Руденко: Я так именно – так вас и спрашиваю. Сейчас я хочу вас спросить об известном, очевидно вам совещании, которое произошло через три недели после нападения Германии на Советский Союз, о совещании от 16 июля 1941 года. Вы припоминаете это совещание, которое было посвящено вопросу задачам войны против Советского Союза?
Кейтель: Нет, я сейчас не знаю о чём вы говорите, я не знаю.
Руденко: Я не намерен вам предъявлять сейчас этот документ. Если
вспомните, я его предъявлял подсудимому Герингу, где речь шла
о расчленении Советского Союза, о присоединении, вспоминаете?

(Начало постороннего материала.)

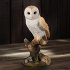 Barn Owl Vigilantly Perched On Tree Stump Statue
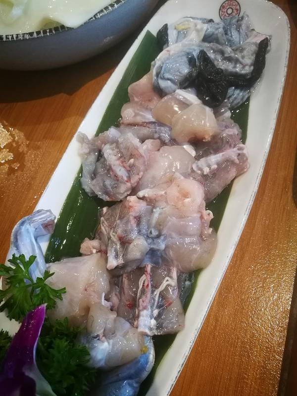 今天的计划是去潮州,不过汕头好吃的实在是太多了,差点排不过来啊!临走之前的中饭,又安排了一顿卤水火锅。围炉夜话卤水火锅也是爱彼迎房东推荐的,听说排队的场面极其恐怖,强烈推荐我们提前拿号,于是我们决定,还是中午去吧! 火锅全国各地很多了,卤水火锅倒还是第一次吃。潮汕的卤水也跟别的地方口味不一样,据说是因为南姜,真是好吃,不过倒不是因为卤水有多特别,最重要的还是是食材新鲜! 活杀田鸡,端上来田鸡已经被切成块了,大腿肌肉还在一跳一跳;竹签虾,放在一个玻璃杯里,每个大虾有手掌那么长,拿着签子从杯子里拿出来的时候,大虾腿都还在挥舞求饶,有点可怜,但实在是太新鲜了,真抱歉啊!豆腐鱼真的吃起来和豆腐的口感一模一样;鹅肠比鸭肠吃起来爽很多。吃了一个多钟头过去买单,小姐姐说啊你们这么块就吃完了。原来潮汕人吃卤水火锅是一边吃一边聊可以吃整天的节奏?难怪排队那么恐怖。。。一锅卤水,看起来毫不起眼,滋味无穷豆腐鱼,口感跟豆腐一模一样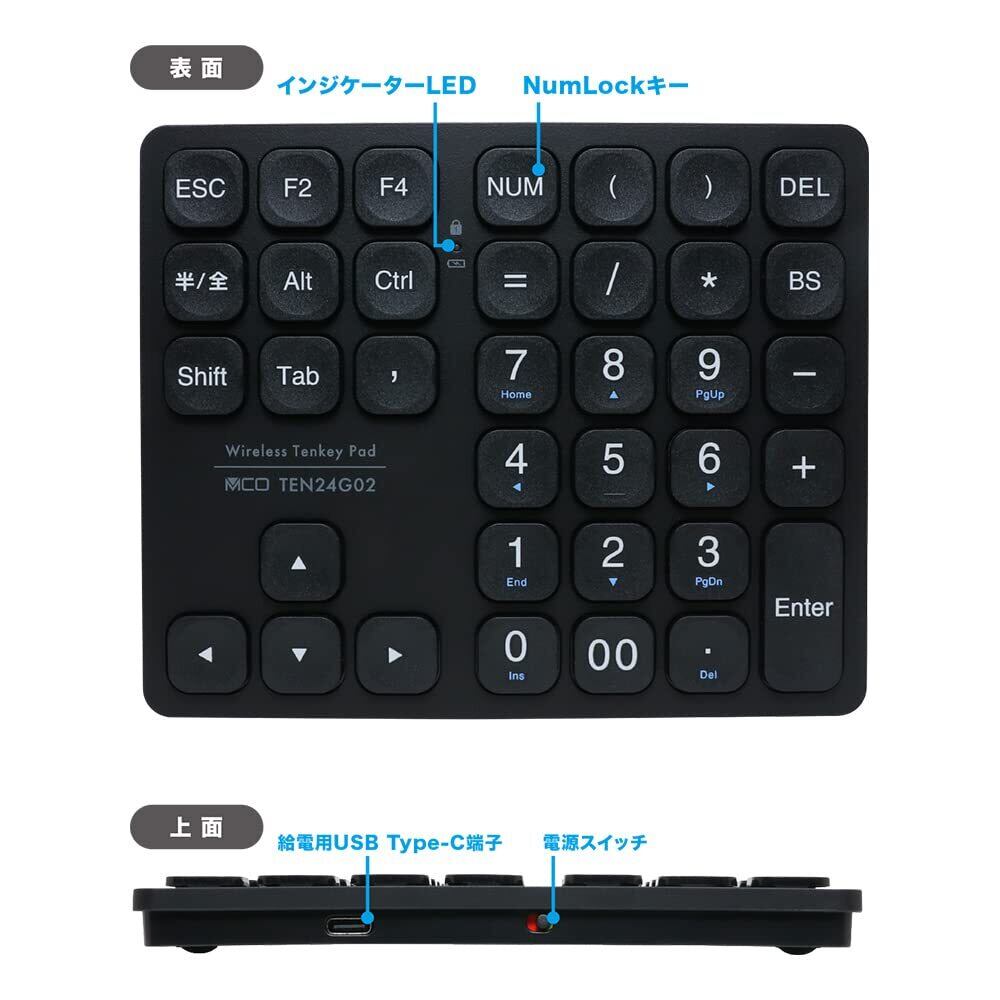 MCO Windows用 テンキー ワイヤレス 方向キー付き 2.4GHz接続 36キー Type-C充電式 最大約75時間可動 充電時間2時間 関数入力に便利な「=」「(」「)」「,」「半角/全角キー」 あると便利な「F2」「F4」「方向キー」を配置 ノートパソコンと同じ浅く軽いタッチで入力 軽量 薄型設計 シルバー ZTEN24G02/S

Кейтель: Да, этот документ я знаю. Мне кажется, он отмечен вверху «BO-FU», и во время моего допроса я опознал это как меморандум рейхсляйтера Бормана.
Руденко: Правильно.
Кейтель: Я сделал такое заявление. Я тогда также показал, что меня пригласили участвовать лишь во второй половине этого совещания, я не присутствовал на первой половине совещания. Я также показал, что этот документ не является протоколом, а свободной продиктованной записью рейхсляйтера Бормана.
Руденко: Но вы помните, что уже тогда — 16 июля ставился вопрос о присоединении к Германии Крыма, Прибалтики, волжских районов, Украины, Белоруссии и других территорий.
Кейтель: Нет, мне кажется, что об этом говорилось на первой половине совещания. Я помню о той части совещания, когда обсуждался
вопрос о кадрах, об определенных лицах, которые должны были быть
назначены. Это я припоминаю. Эту запись я увидел только здесь, раньше я не знал о ней, на первой половине этого совещания я не присутствовал.
Руденко: Тогда позвольте вас спросить иначе. Какие же конечные цели
ставил Гитлер и его окружение в этой войне против Советского Союза?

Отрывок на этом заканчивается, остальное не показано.